*Recorded data*.
•••

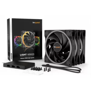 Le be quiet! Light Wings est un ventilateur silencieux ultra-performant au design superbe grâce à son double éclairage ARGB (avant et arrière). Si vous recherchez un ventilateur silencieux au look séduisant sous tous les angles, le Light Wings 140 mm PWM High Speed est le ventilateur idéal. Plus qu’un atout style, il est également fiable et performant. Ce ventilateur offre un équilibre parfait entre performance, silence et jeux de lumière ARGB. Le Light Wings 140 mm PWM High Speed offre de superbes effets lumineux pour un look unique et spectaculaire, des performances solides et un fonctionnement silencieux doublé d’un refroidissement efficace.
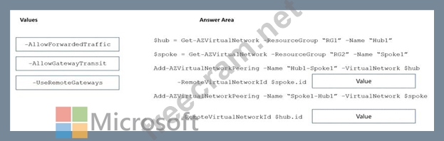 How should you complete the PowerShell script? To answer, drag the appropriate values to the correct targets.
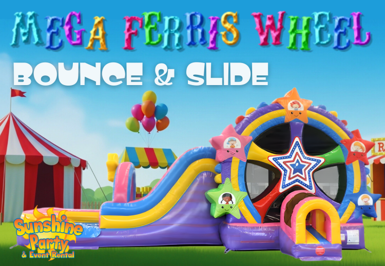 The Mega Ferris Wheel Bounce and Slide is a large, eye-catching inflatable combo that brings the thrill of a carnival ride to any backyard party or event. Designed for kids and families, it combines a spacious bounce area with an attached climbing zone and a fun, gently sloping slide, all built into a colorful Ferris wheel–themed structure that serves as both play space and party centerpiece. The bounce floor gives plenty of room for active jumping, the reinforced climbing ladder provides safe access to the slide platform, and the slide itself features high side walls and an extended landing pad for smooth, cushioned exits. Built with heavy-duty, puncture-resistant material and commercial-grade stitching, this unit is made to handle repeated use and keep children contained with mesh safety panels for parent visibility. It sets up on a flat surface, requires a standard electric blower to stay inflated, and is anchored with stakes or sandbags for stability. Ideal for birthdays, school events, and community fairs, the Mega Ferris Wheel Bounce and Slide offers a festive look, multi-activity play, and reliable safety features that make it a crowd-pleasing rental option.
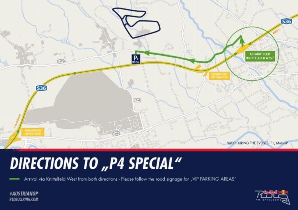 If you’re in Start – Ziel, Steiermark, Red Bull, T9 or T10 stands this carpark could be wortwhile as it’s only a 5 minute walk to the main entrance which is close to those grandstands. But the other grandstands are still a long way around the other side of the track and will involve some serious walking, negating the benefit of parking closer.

•••

*What the exercise asks*. Only exact repeats of the lines from the one containing "How should you" through the end of the listing above are wanted here; pictures are not.

*Response box*.
 How should you complete the PowerShell script? To answer, drag the appropriate values to the correct targets.
 The Mega Ferris Wheel Bounce and Slide is a large, eye-catching inflatable combo that brings the thrill of a carnival ride to any backyard party or event. Designed for kids and families, it combines a spacious bounce area with an attached climbing zone and a fun, gently sloping slide, all built into a colorful Ferris wheel–themed structure that serves as both play space and party centerpiece. The bounce floor gives plenty of room for active jumping, the reinforced climbing ladder provides safe access to the slide platform, and the slide itself features high side walls and an extended landing pad for smooth, cushioned exits. Built with heavy-duty, puncture-resistant material and commercial-grade stitching, this unit is made to handle repeated use and keep children contained with mesh safety panels for parent visibility. It sets up on a flat surface, requires a standard electric blower to stay inflated, and is anchored with stakes or sandbags for stability. Ideal for birthdays, school events, and community fairs, the Mega Ferris Wheel Bounce and Slide offers a festive look, multi-activity play, and reliable safety features that make it a crowd-pleasing rental option.
 If you’re in Start – Ziel, Steiermark, Red Bull, T9 or T10 stands this carpark could be wortwhile as it’s only a 5 minute walk to the main entrance which is close to those grandstands. But the other grandstands are still a long way around the other side of the track and will involve some serious walking, negating the benefit of parking closer.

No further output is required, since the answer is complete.